LabVIEW

As you can plainly see in the previous example I sent:

A =          0.1111111111
B =         0.00000000001111111111
A+B=C= 0.11111111111111111111

We know that
C-A=B

The actual answer we get is
C-A=0.00000000001111111110887672

The first nineteen digits of the calculated answer are exactly correct. The remainder of the actual answer is equal to 88.7672% of the remainder of the perfect answer, so we effectively have 19.887672 digits of accuracy.

That all sounds well and good until you realize that no individual number displayed on the front panel seems to be displayed with more than 16-17 significant digits of accuracy.

As you see below, the number displayed for the value of A+B was definitely not as close to being the right answer as the number LabVIEW stores internally in memory.

A+B=0.11111111111111111111 (the mathematically ideal result)
A+B=0.111111111111111105     (what LabVIEW displays as its result)

We know darned well that if the final answer of A+B-A was accurate to twenty digits, then the intermediate step of A-B did not have a huge error in the seventeenth or eighteenth digit! The value being displayed by LabVIEW is not close to being the value in the LabVIEW variable because if it were then the result of the subtract operation would be drastically different!

0.11111111111111110500       (this is what LabVIEW shows as A+B)  
0.11111111110000000000       (this is what we entered and what LabVIEW shows for A)
0.00000000001111110500    (this is the best we can expect for A+B-A)

The final number LabVIEW calculates magically has extra accuracy conjured back into it somehow! It’s more than 1000 times more accurate than a perfect calculation using the corrupted value of A+B that the display shows us – the three extra digits give us three orders of magnitude better resolution than should be possible unless LabVIEW is displaying a less accurate version of A+B than is actually being used!

This would be like making a huge mistake at the beginning of a math problem, and then making a huge mistake at the end and having them cancel each other out. Except imagine getting that lucky on every answer on every question. No matter what numbers I plug into my LabVIEW program, the intermediate step of A+B has only about 16-17 digits of accuracy, but miraculously the final step of A+B-A will have 19-20 digits of accuracy. The final box at the bottom of the program shows why.

If you convert the numbers to double and use doubles to calculate the final answer, you only get 16-17 digits of accuracy. That’s no surprise because 16 digits of accuracy is about as good as you’re gonna do with a 64-bit floating point representation. So it’s no wonder all the extended numbers I display appear to only have the same accuracy as a 64-bit representation because the display routine is using double precision numbers, not extended precision.

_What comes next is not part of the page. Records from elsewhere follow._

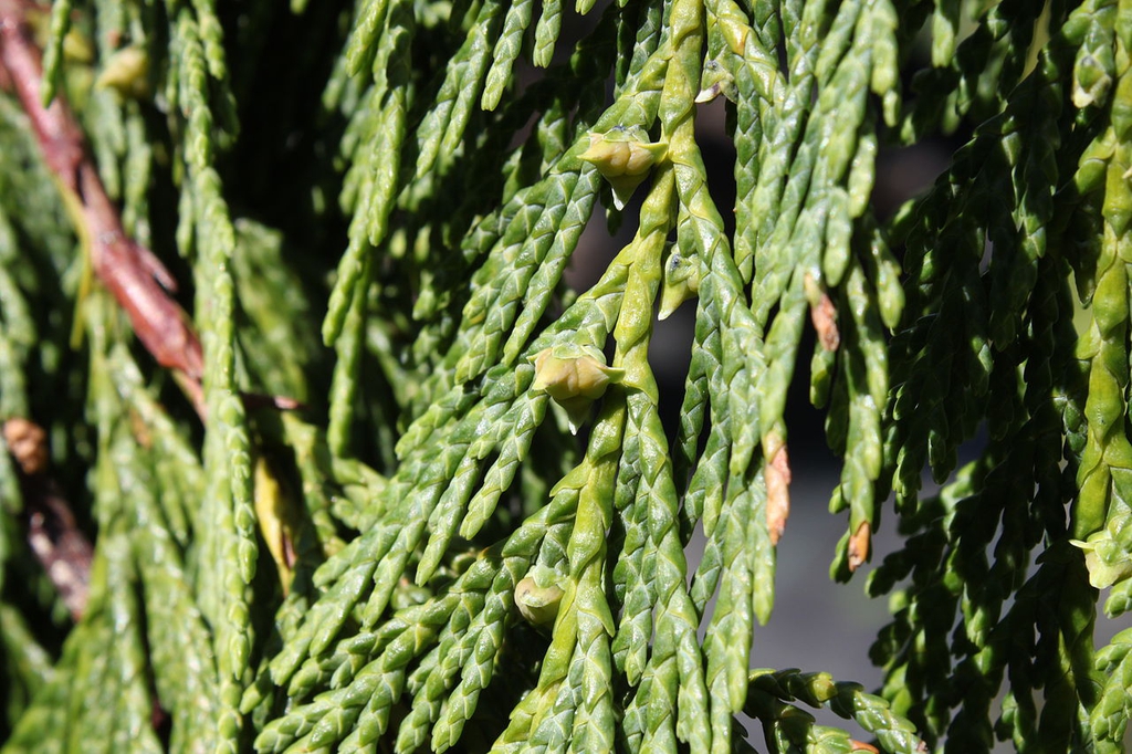 - Scale-like leaves in flat fans in 4 rows of alternating opposite pairs. They have an unpleasant smell when bruised or crushed.
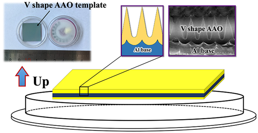 For more applications of V-shape AAO, please refer to: Adv. Mater. 2014, 26, 2805;ACS Nano, 2015, 9, 10287;Adv. Funct. Mater. 2017, 27, 1604720;Nanoscale Research Letters 2013, 8,268;J. Phys. Chem. C 2017, 121, 9757; Nano Energy, 2016, 22, 539; ACS Nano 2017, 11, 5113.
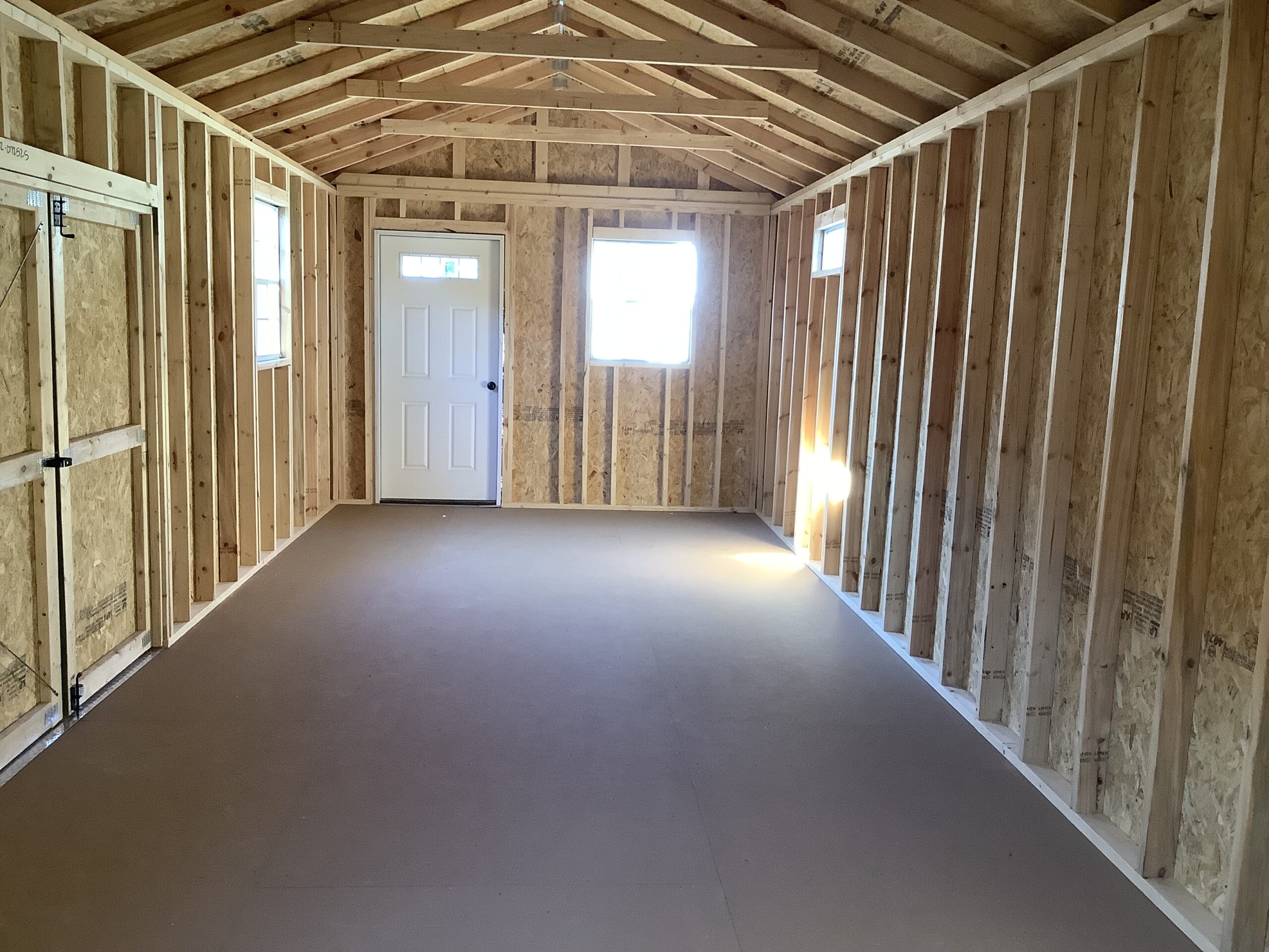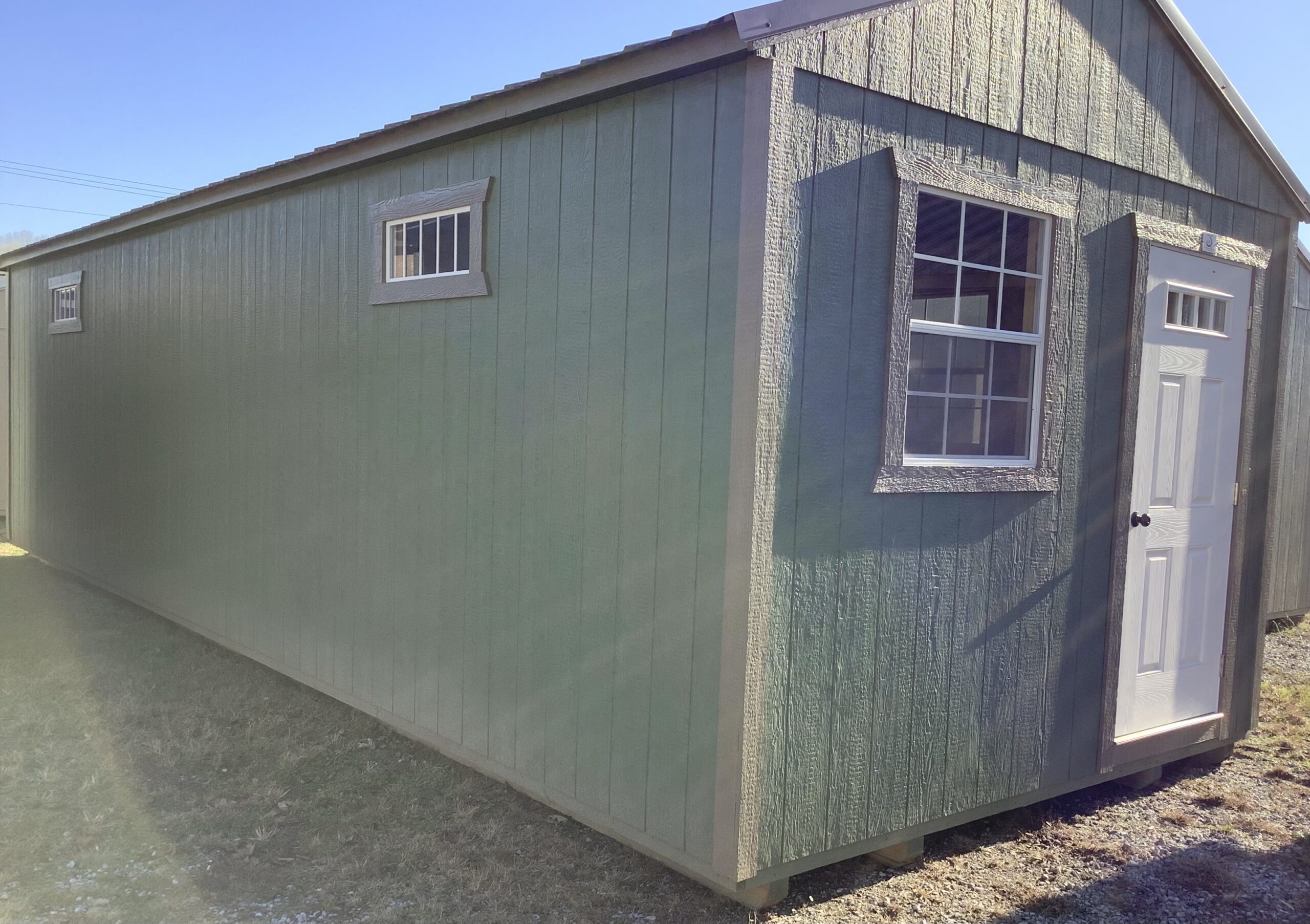 Utility Shed Dimensions (W x L x H) 12′ W x 32′ L 1 x 72″ Wood Barn Doors 1 x Any Color Option On Doors 1 x Shale 1 x 12′ Wide Loft Space 1 x 4-Lite Entry Door 3 x 30″ X 36″ Shed Window (WHITE) 2 x 29″ X 10″ Transom Window (WHITE) 1 x Transom windows same height as others
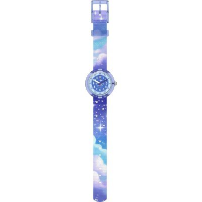 Dit Flik Flak horloge heeft een kast gemaakt van Bio-plastic met een diameter van 30 mm en is voorzien van een textiel band. In de kast bevindt zich een ETA kwaliteitsuurwerk en is afgewerkt met Acrylglas.
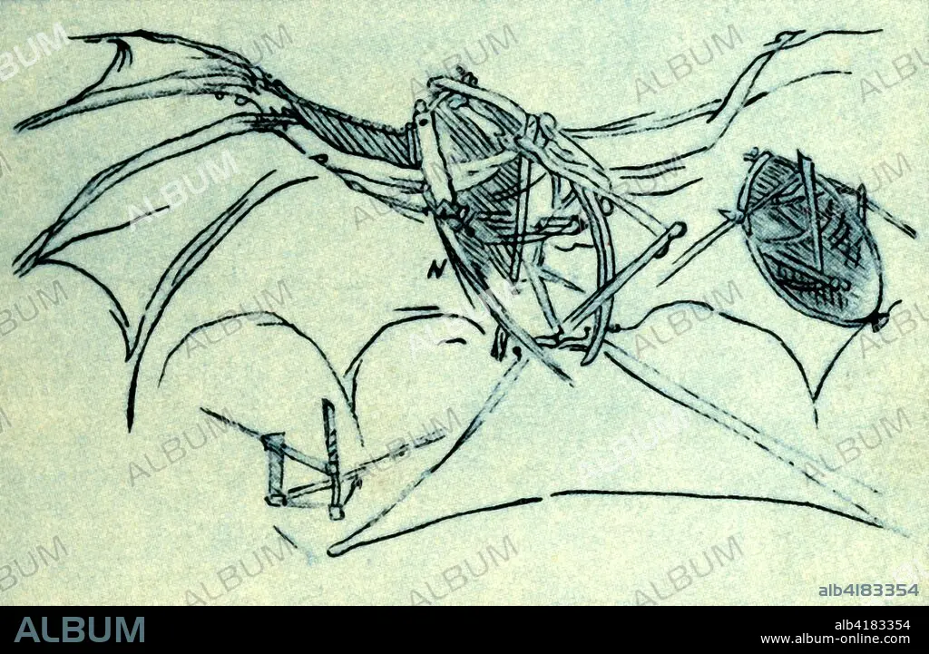Flying machine designed by Leonardo da Vinci, c1485, (1932). Italian artist and inventor Leonardo da Vinci (1452-1519) made many designs for flying machines inspired by birds. From "Die Eroberung Der Luft", (The Conquest of the Air), cigarette card album produced by the Garbáty cigarette factory, 1932. Eugene and Moritz Garbáty, who were Jewish, were driven out of business by the Nazis in the late 1930s, and forced to sell their factory which lay empty for over 70 years. [Garbaty Cigarettenfabrik, Berlin-Pankow, 1932]
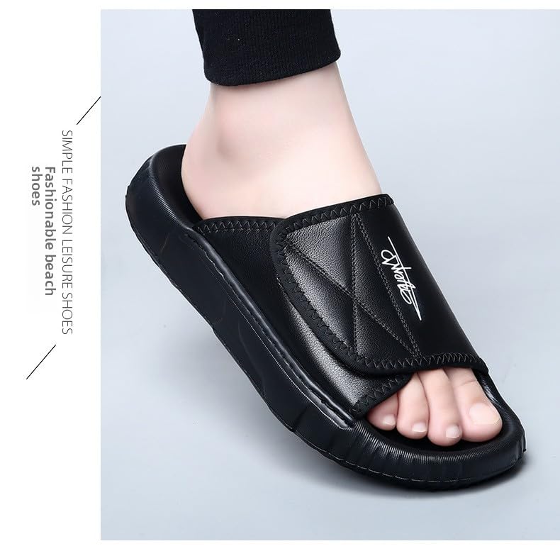 HOT ! Men's Leather Sandals Summer Casual Slides with Soft EVA Sole for Indoor/Outdoor Comfort (Black/White/Green, Sizes 38-45)
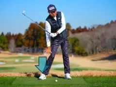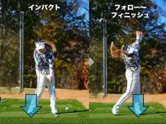 スイング中に右足を「2度」踏ん張ることで、ボールに力が伝わる分厚いインパクトのアイアンショットが打てているということだ。逆に右足がめくれてきたときは左に突っ込んでいるときで、右足の動きはいいスイングかどうかのバロメーターにもなっているという。
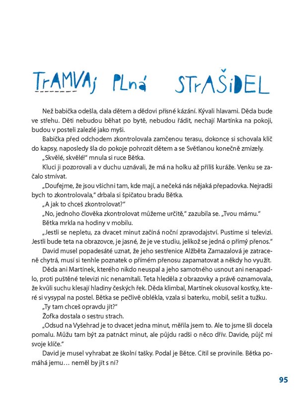 Desetiletý David z Prahy řeší zapeklitou situaci. Za okny jeho pokoje se v noci vznášela tramvaj plná strašidel! Začaly prázdniny a David odjel do moravského Uničova. Nad bratranci
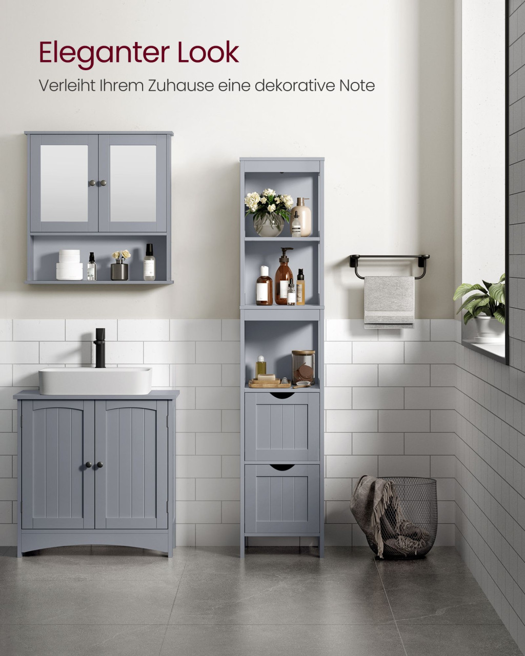 A karcsú, mégis stabil kialakítás lehetővé teszi, hogy a gyakran használt tárgyak könnyen elérhetők legyenek, míg a kevésbé mutatós eszközök diszkréten elrejthetők. A klasszikus dizájn harmonikusan illeszkedik bármilyen fürdőszobai környezetbe.
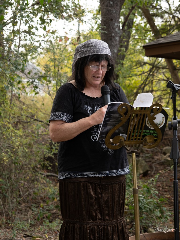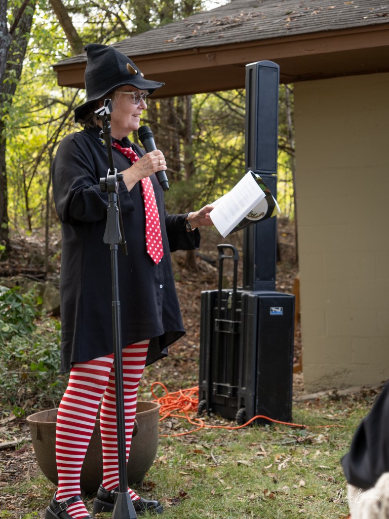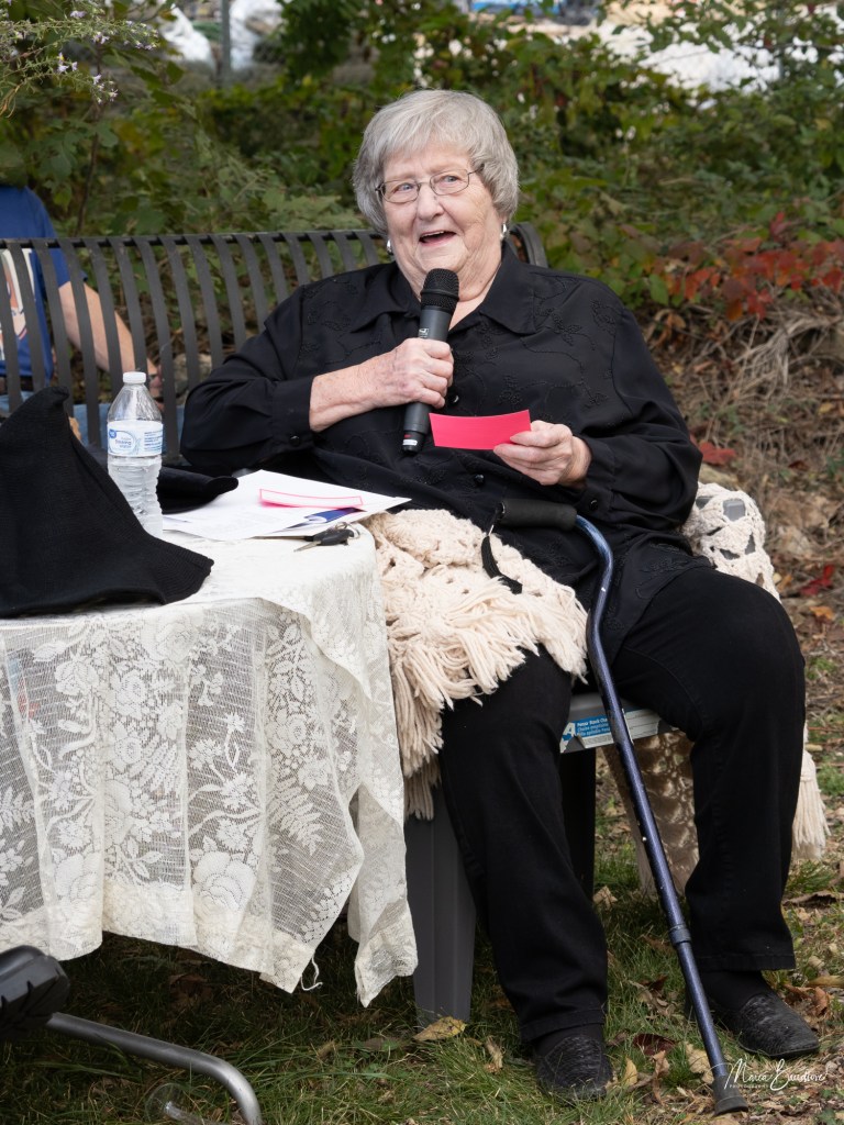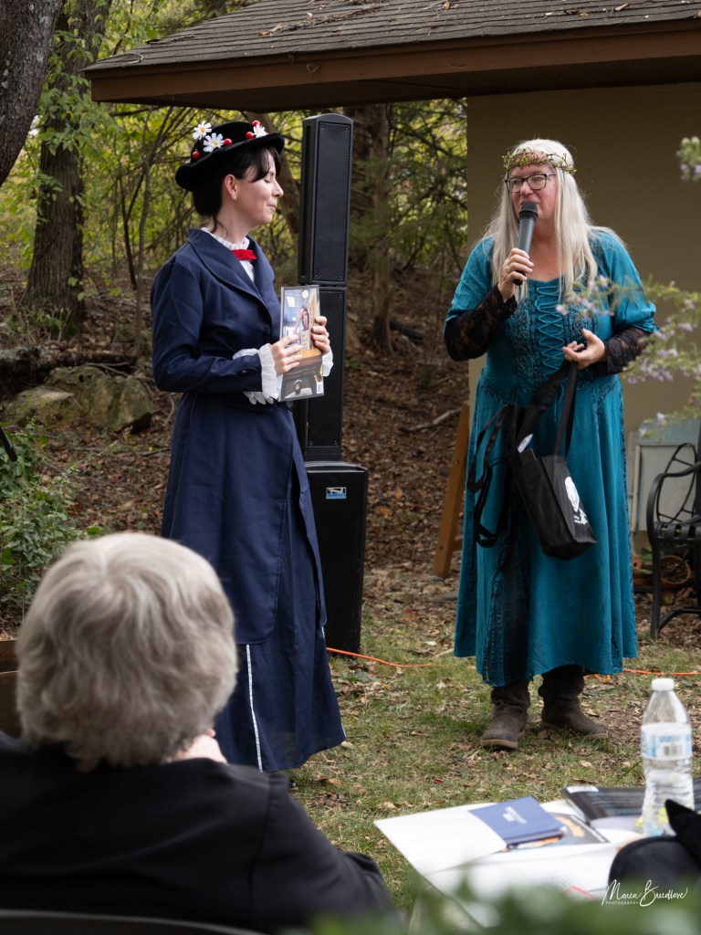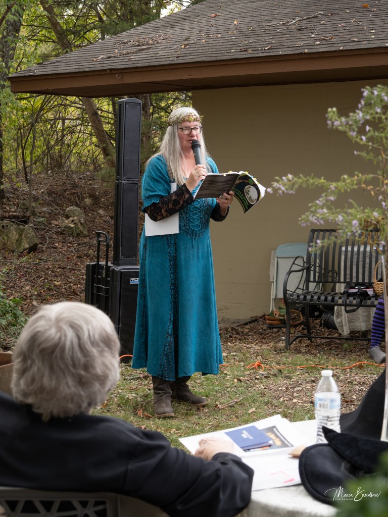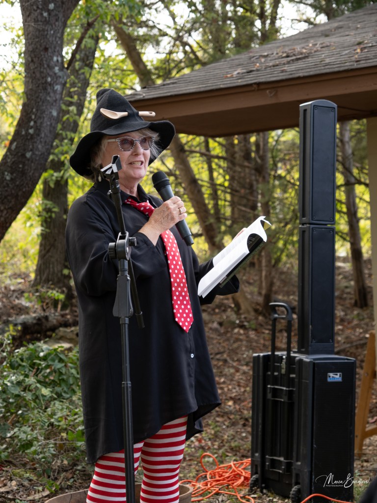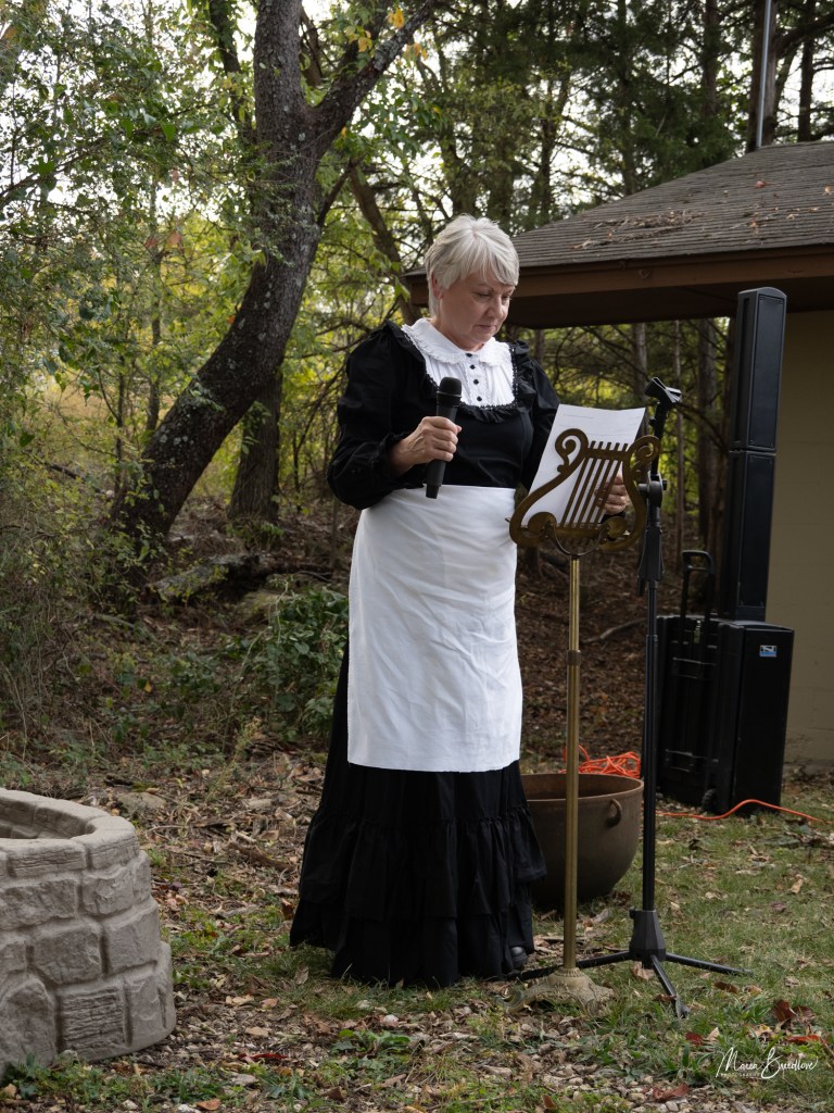 The opening event included a Witchtauqua, with area people presenting a poem or brief biography of a witch from the exhibit booklet. Special guests were poet/actor Deborah Hunter, Tulsa, who participated in our 2020 Chautauqua as Sojourner Truth, and Dr. Tracy Floreani, Oklahoma City University.

This is not cool at all. The indicator is labeled as being able to accept an extended precision number and it allows the user to crank out a ridiculous number of significant digits. There is no little red dot on the input wire telling me, ‘hey, I’m converting to a less accurate representation here, ok!’ Instead, the icon shows me ‘EXT’ for ‘Hey, I’m set to extended precision!’

The irony is that the documentation for the addition function indicates that it converts input to double. It obviously can handle extended.

I’ve included a modified version of the vi for you to tinker with. Enter some different numbers on the front panel and see what I mean.

Regardless of all this jazz, if someone knows the real scoop on the original question, please end our suffering: Can LabVIEW display extended floating point numbers properly, or is it converting to double precision somewhere before numerals get written to the front panel indicator?